WHAT THIS TASK INVOLVES - Would you transcribe the entries below, beginning at the line with "Movable Table, Displacement" and ending after the line with "3) The main", exactly, with no picture and nothing more?

RECORDS SUPPLIED -

'''

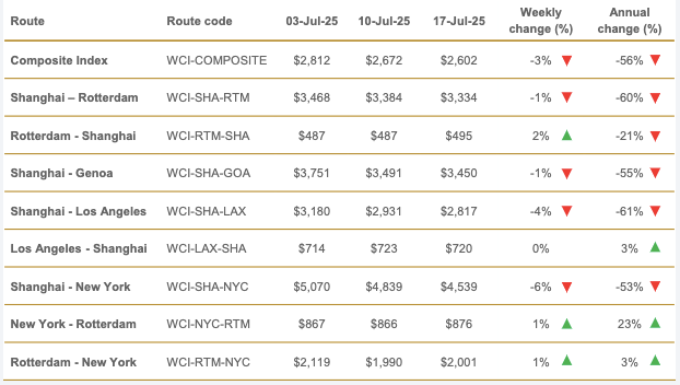 Drewry's World Container Index (WCI) has dropped for the fifth consecutive week, declining by 2.6% to $2,602 per 40ft container as of 17 July 2025. The fall signals a continued easing in the ocean freight market following a short-lived spike caused by US tariff hikes earlier this year.
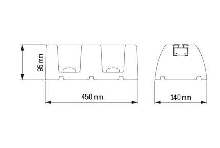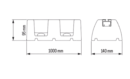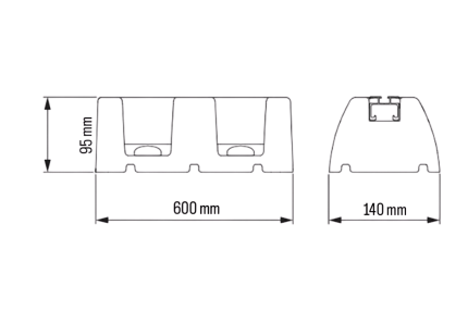 Tecnosystemi SBR EXTREME-20 600 rubber vibration-damping rubber foot mount with aluminium profile (SCD500242) — strong and weatherproof floor support for air conditioner outdoor units, VRV/VRF systems, heat pump outdoor units, and electrical or pipe channel installations. 95x140x600mm, maximum load capacity per foot: 500 kg.
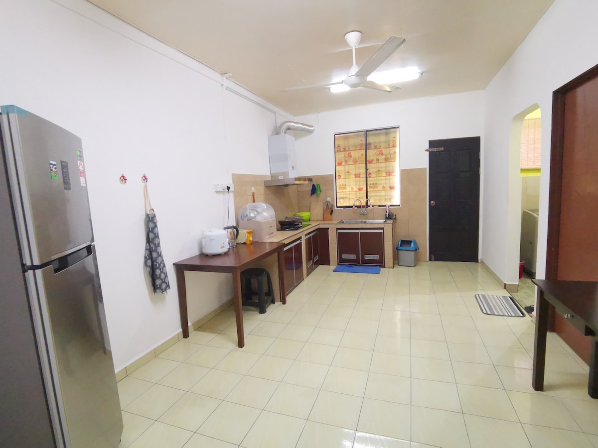屋内有四间卧室,每间都设有电风扇及空调。四间浴室,都有冷热水,沐浴用品,牙膏牙刷及毛巾供应。客厅设有网飞智能电视机&高速网络, 空调,沙发及饭桌。厨房具备了过滤冷热水机,洗衣机,冰箱,煤气炉,油烟机,电火锅,电饭煲, 蒸锅 及各种餐具 。室外还提供了烧烤炉。 We are 4 bedrooms, all included an air conditioner and fan. We have 4 bathrooms, which all have unlimited hot water supply. We also have a living room, which had sofa & dining table, smart-TV with NETFLIX, WI-FI, and an air conditioner. While our kitchen had stoves,electric hot pot, water dispenser, refrigerators,washing machine. Outside, we had BBQ rack.
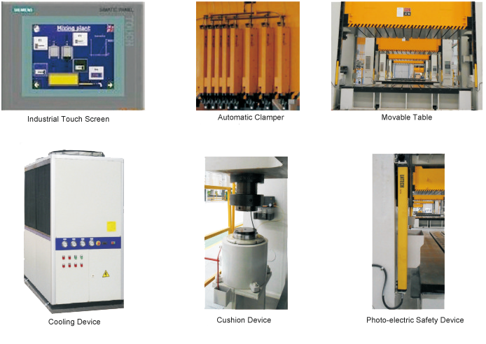 Movable Table, Displacement Sensor, Knocking Device, Cooling Device, Cushion Device, Photo-electric Safety Device, System Oil Heating Device, Industrial Touch Screen, Mould Exchanging Trolley, Automat
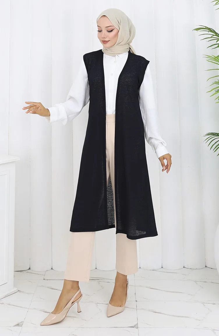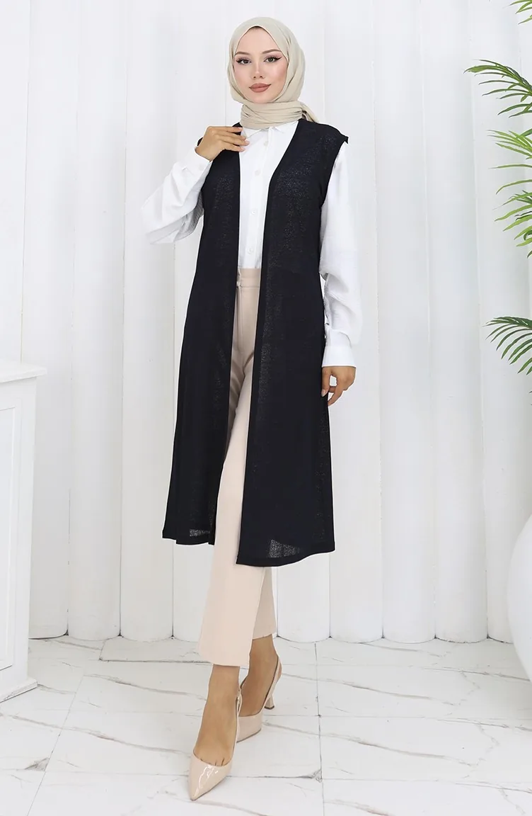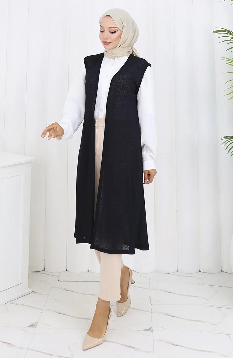 Eenvoudig Dun Basic Lang Vest Damesvest Plus Size Vest 8763-03 Donker Marineblauw 8763-03
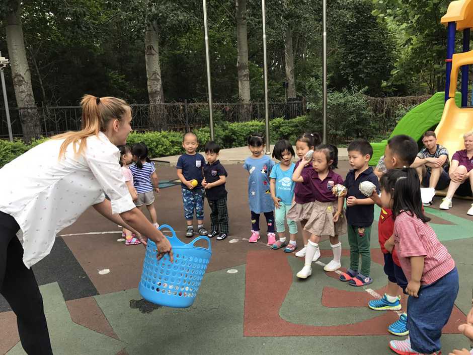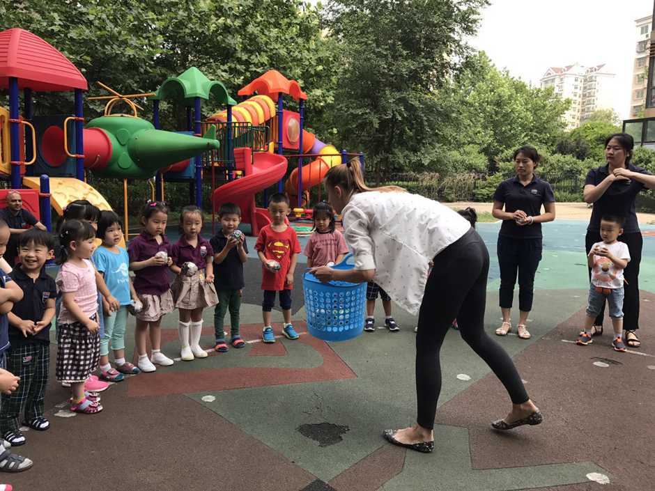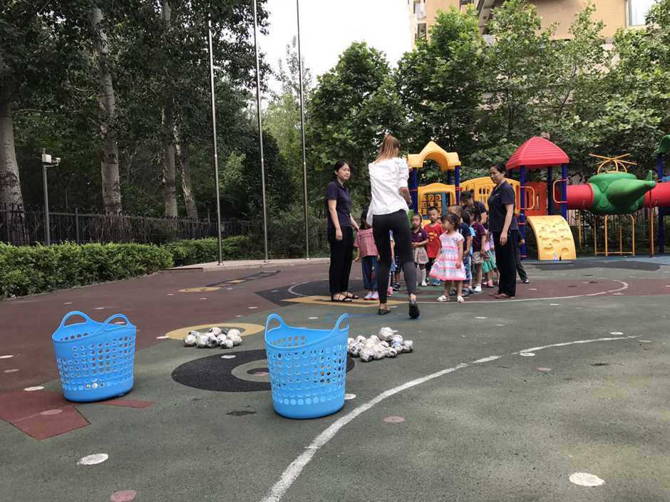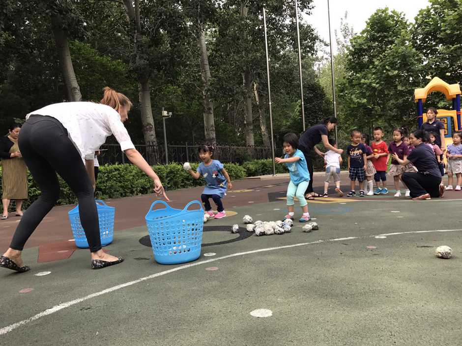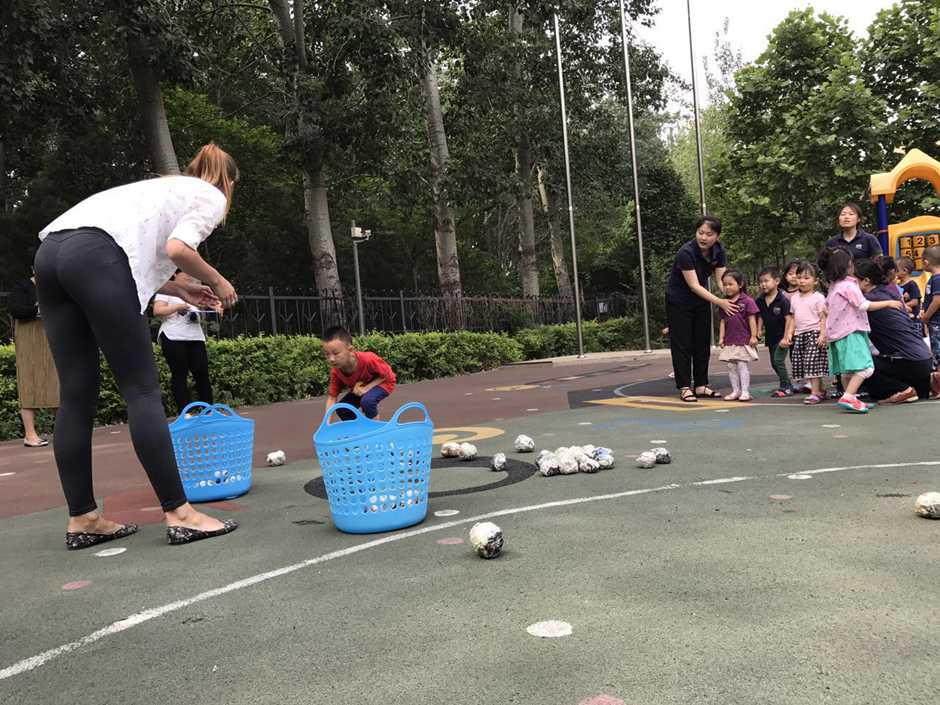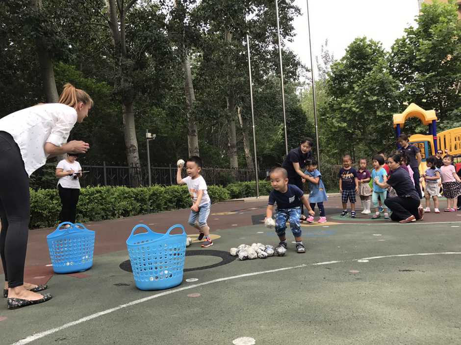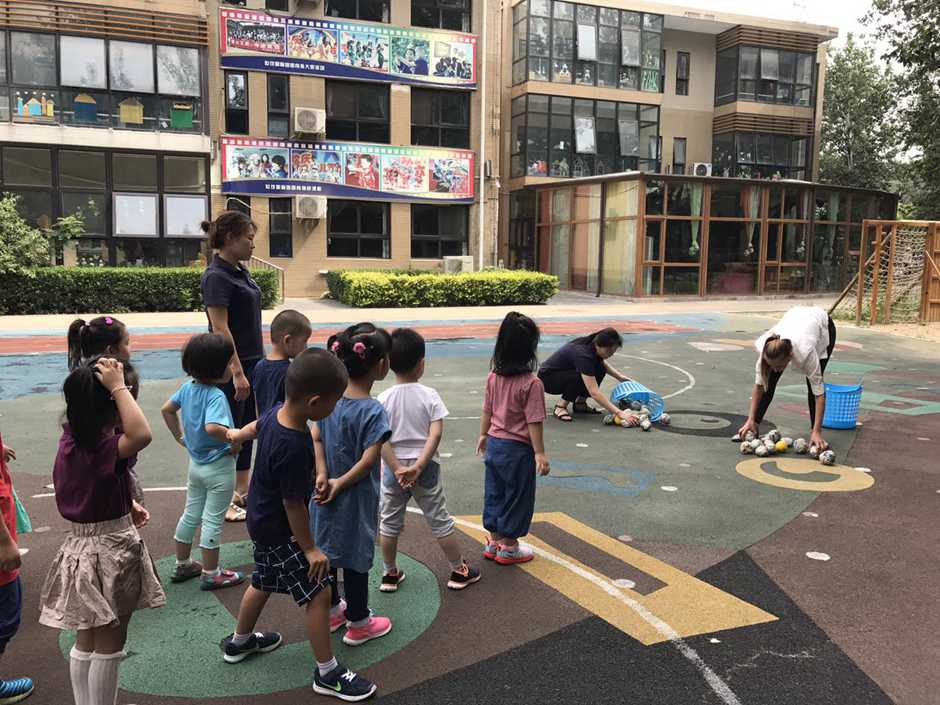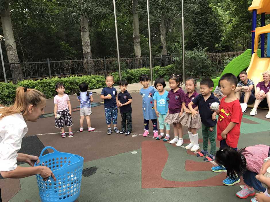 3) The main point of that outside activity was to make a small competition between kids. Teacher divided kids into two teams and which team first (one by one) run to the balls and put their balls in the basket will win!
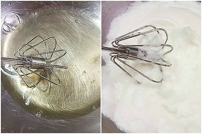 흰자는 넓은 볼에 머랭을 만들어 줍니다. 평소 달달한 것 좋아하시면 설탕 약간 섞어도 좋지만 건강과 다이어트를 위해서라면 이미 고구마도 달기 때문에 설탕을 빼시는 게 좋겠죠?
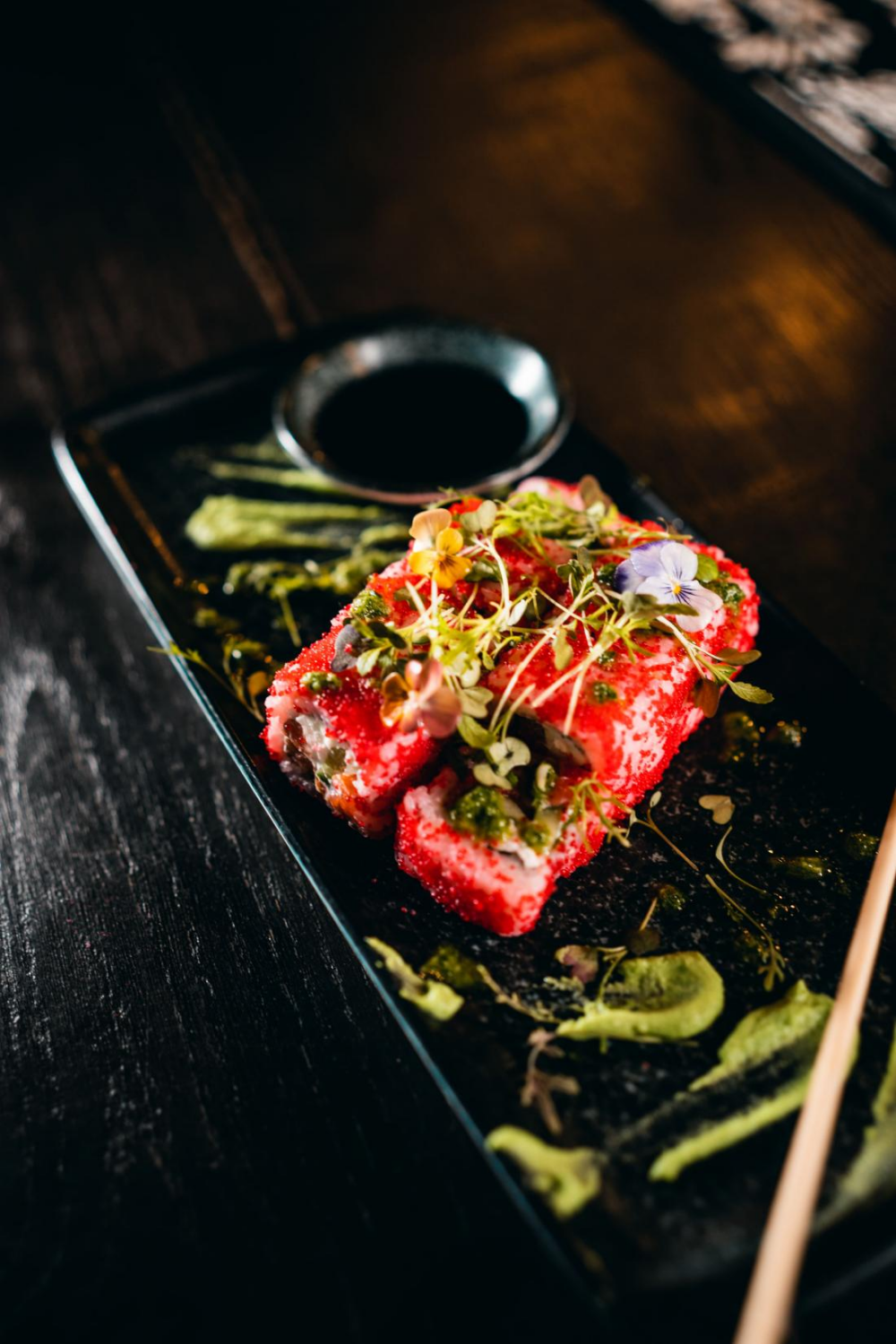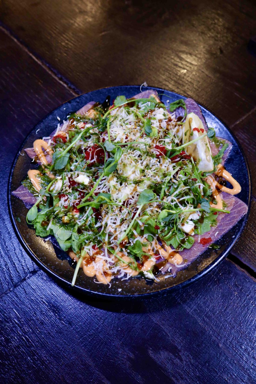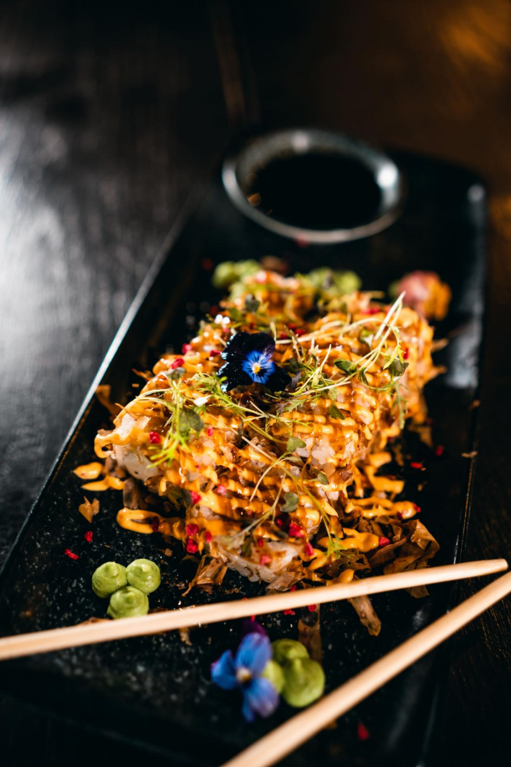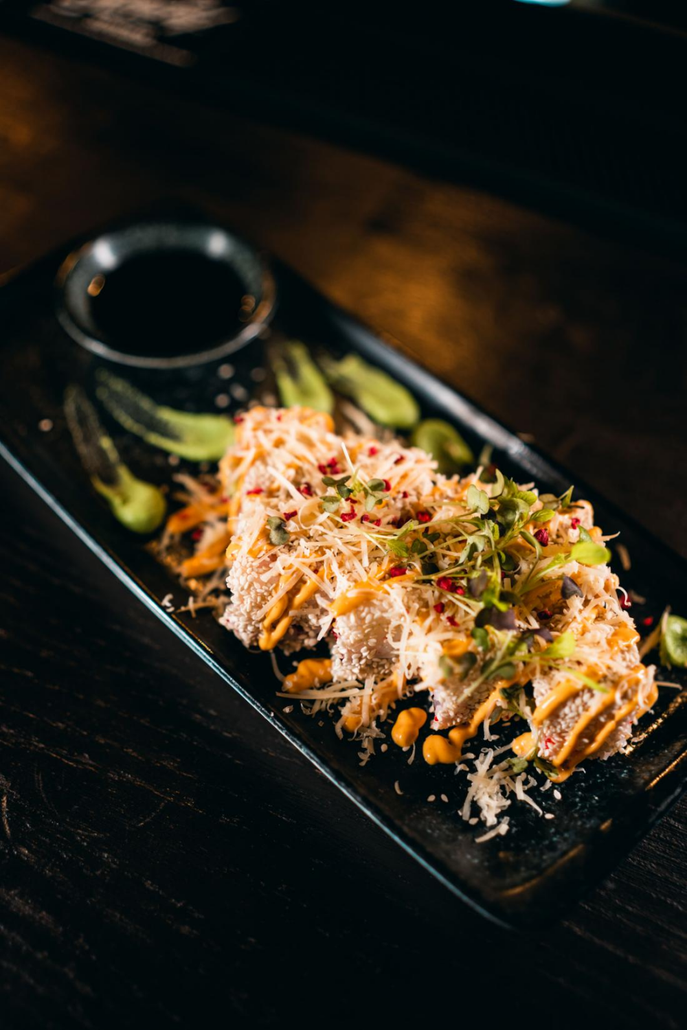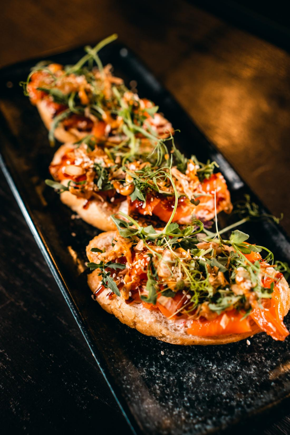 Соус на основе соевого оказался солевым концентратом. Всё, где был этот соус оказалось малосъедобным. Если для Филадельфии и поке это ещё терпимо из-за не критичного соотношения соуса к объёму блюда, то для брускетт это стало фатальным
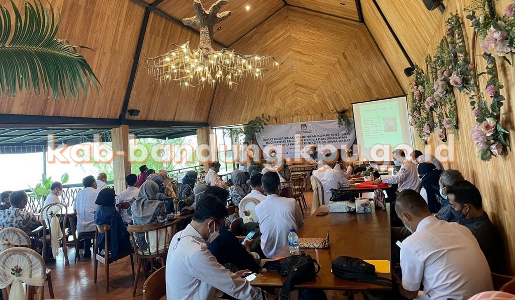 Bandung, kab-bandung.kpu.go.id – KPU Kabupaten Bandung mengikuti kegiatan Rapat Koordinasi Pembinaan dan Kompetensi Sumber Daya Manusia (SDM) bagi Penyelenggara Pemilu dan Pemilihan yang diselenggarakan KPU Provinsi Jawa Barat, Senin (20/12/2021). Kegiatan ini diikuti oleh KPU Kabupaten/Kota se-Jawa Barat yang diwakili oleh Anggota Divisi Sosialisasi, Pendidikan Pemilih, Partisipasi Masyarakat dan SDM serta Pejabat Struktural dimasing-masing satuan kerja. Bertindak sebagai pemateri pada acara ini yaitu Ketua KPU Provinsi Jawa Barat Periode 2013-2018, Yayat Hidayat.

'''

WORKED SOLUTION -
 Movable Table, Displacement Sensor, Knocking Device, Cooling Device, Cushion Device, Photo-electric Safety Device, System Oil Heating Device, Industrial Touch Screen, Mould Exchanging Trolley, Automat
 Eenvoudig Dun Basic Lang Vest Damesvest Plus Size Vest 8763-03 Donker Marineblauw 8763-03
 3) The main point of that outside activity was to make a small competition between kids. Teacher divided kids into two teams and which team first (one by one) run to the balls and put their balls in the basket will win!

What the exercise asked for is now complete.